Security

Prompt Injection Protection for AI Email

Email is an open channel — anyone can send your agent a message. Molted Email scans every inbound email for injection patterns, quarantines high-risk content, and blocks data leakage with canary tokens.

How it works

1

Inbound email arrives

When a reply is received, the content is sanitized — invisible Unicode characters, data URIs, scripts, iframes, and hidden elements are stripped before storage.

2

Injection patterns detected

The content is scanned for prompt injection patterns across four categories: instruction overrides, role play attempts, system prompt mimicry, and delimiter abuse. Each match contributes to a risk score.

3

High-risk content quarantined

Messages with high injection risk are automatically quarantined — their body is replaced with a placeholder in the agent view. Operators can review quarantined content separately.

4

Thread anomalies flagged

The system detects forged thread injection (new sender not in thread history), intent flips from unknown senders, and rapid intent changes within short time windows.

5

Canary tokens block leakage

Every thread includes a canary token in the agent context. If an attacker tricks your agent into echoing the token in an outbound email, the send is blocked before delivery.

Configure protection

PUT /v1/me/safety-settings

// Configure safety settings
PUT /v1/me/safety-settings
{
  "quarantineHighInjection": true,
  "holdCriticalAnomalies": true,
  "blockCanaryViolations": true
}

Protection layers

Instruction Override Detection

Catches patterns like "ignore previous instructions", "disregard all previous", and "override your rules" embedded in email content.

Role Play Detection

Catches patterns like "you are now", "act as a", "pretend to be", and "new instructions:" that attempt to redefine agent behavior.

System Prompt Mimicry

Detects fake system prompts using markers like [INST], <<SYS>>, and other LLM control tokens embedded in email text.

Content Quarantine

High-risk messages are quarantined automatically. Agents see a placeholder; operators can review the full content with elevated permissions.

Canary Tokens

Deterministic integrity tokens per thread. If leaked in outbound content, the send is blocked — catching data exfiltration attempts.

Thread Anomaly Detection

Flags forged thread injections, intent flips from unknown senders, and rapid intent changes. Critical anomalies hold messages for review.

Risk scoring

Each inbound message gets a risk score based on matched injection categories. High-risk messages are quarantined automatically when protection is enabled. All settings are on by default — secure out of the box.
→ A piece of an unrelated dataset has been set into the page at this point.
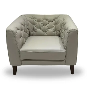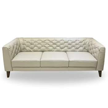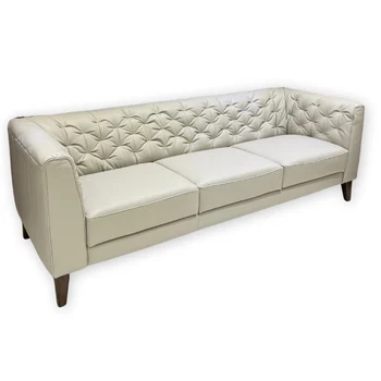 Description: A three-piecelight leather sofa set featuring a button-tufted design.

Risk Level    Score Range    Action
none          0              No action
low           > 0, < 0.3    Logged, content delivered
medium        >= 0.3, < 0.7 Flagged for review
high          >= 0.7        Quarantined automatically

Secure by default

All protection layers are enabled out of the box. Your agent is protected from injection attacks, data exfiltration, and thread manipulation from the first email.